Some individuals may experience symptoms of both mania and depression at the same time – this is known as a mixed bipolar state.
Read More About Depression Here
Types Of Bipolar Disorder
Depending on the frequency, severity, and presence of symptoms, a person may be diagnosed with different types of bipolar disorder. Here are the major types of bipolar disorders based on the Diagnostic and Statistical Manual of Mental Disorders (DSM) 5 5 that may be used by doctors to diagnose a patient:
1. Bipolar I disorder (manic or mixed episode)
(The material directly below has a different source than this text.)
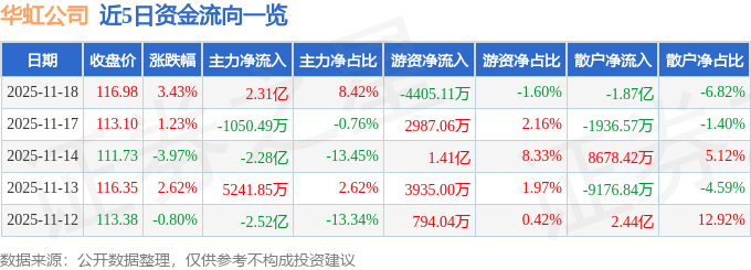 证券之星消息,截至2025年11月18日收盘,华虹公司(688347)报收于116.98元,上涨3.43%,换手率5.72%,成交量23.31万手,成交额27.47亿元。

According to a 2007 study, 6 “bipolar I disorder (BPI) is among the top 10 most debilitating illnesses globally.” It is marked by at least one episode of mania. Periods of major depression or hypomania may also occur before or after the manic episode.
This type of BD can often lead to dramatic mood swings and make the person feel as if they are on top of the world. It may also trigger psychosis. However, periods of normal moods are common between such episodes.
Bipolar I disorder requires that the patient must experience a manic episode for at least 7 days or the episode must be severe enough to necessitate hospitalization. However, the symptoms must not be caused by any other mental conditions, like delusional disorder or schizophrenia.
Studies 7 reveal that lifetime prevalence of bipolar disorder type 1 is around 1% in the general population.
2. Bipolar II disorder (hypomania and depression)
Individuals with this variant of BD experience an episode of major depression which may sustain for two weeks or more, and a period of hypomania which can last up to four days.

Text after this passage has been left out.